The topic of ‘clinical leadership’ has the habit of bringing up all sorts of responses which, with the increasing amount of airtime it’s receiving, are more and more frequently being debated. In my experience so far, views vary from those keen to understand more and get involved, to the unconverted who assume it’s just another means of a small group of clinicians drawing attention to their careers.

This brings me onto the next issue, of why clinical leadership actually matters and whether it’s relevant to all doctors. Well, leadership and medicine have a long history together. For as long as people have sought health advice, doctors have been seen as leaders. All doctors, even F1s, are asked to lead clinical colleagues albeit in different capacities as we move through our training. What are we doing when we run a crash call…? Running a ward round…? Leading an audit project…? Doctors end up using some fairly sophisticated skills to manage these situations from their first days on the wards: advanced communication skills, assertion, delegation, team work, identifying a problem, stepping up to deal with it, analyzing the issues at hand, working out the problems ahead, the risks, communicating this with the people around you, winning confidence and setting a team on the ‘right’ course of action. As we develop throughout our careers we are expected to lead larger teams and ultimately services, departments and even hospitals, developing and applying these skills to an increasingly diverse set of situations. Yet I am not sure we always see these as examples of leadership. Nor do we always recognise how fundamentally important these skills are to good outcomes for our patients.
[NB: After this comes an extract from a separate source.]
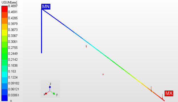 .Расположим на нём три силы вдоль оси Y, действующие от масс груза, захвата и шагового двигателя M3,(mгр+ mз) +mдв,в их центре масс, центры масс груза и захвата совпадают. В расчёте программа автоматически учитывает значение масс выбираемых профилей.Результатом расчёта является карта перемещений, рисунок 3.3 и диаграмма нагрузок, рисунок 3.4.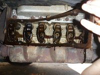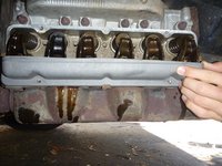 In order to remove the valve cover, locate the 4 bolts which hold it in place and remove them using a 7/16" socket or wrench.

There is also a growing body of evidence demonstrating the link between services with good patient outcomes and satisfaction, and good clinical engagement with leadership and management.  And conversely services that have poor outcomes, are often shown to have poor leadership and poor clinical engagement with managers. Personally, I see clinical leadership as an emerging field with similarities with the ‘evidence based medicine’ movement of about 30 years ago, which too was an emerging field itself. During this time, there were some strong proponents who felt it was key to the future of medicine, however the majority of doctors initially just didn’t understand how or why it was important to their everyday clinical practice. Yet today it’s an integrated part of every doctor’s education and the basis upon which clinicians make decisions about their patient’s care every day. I would argue clinical leadership is similar. In the future it’s set to be an integral part of all of our education and although there will be a minority who work exclusively in the field, it’ll be something we are all thinking about and taught in a much more conscious and structured manner.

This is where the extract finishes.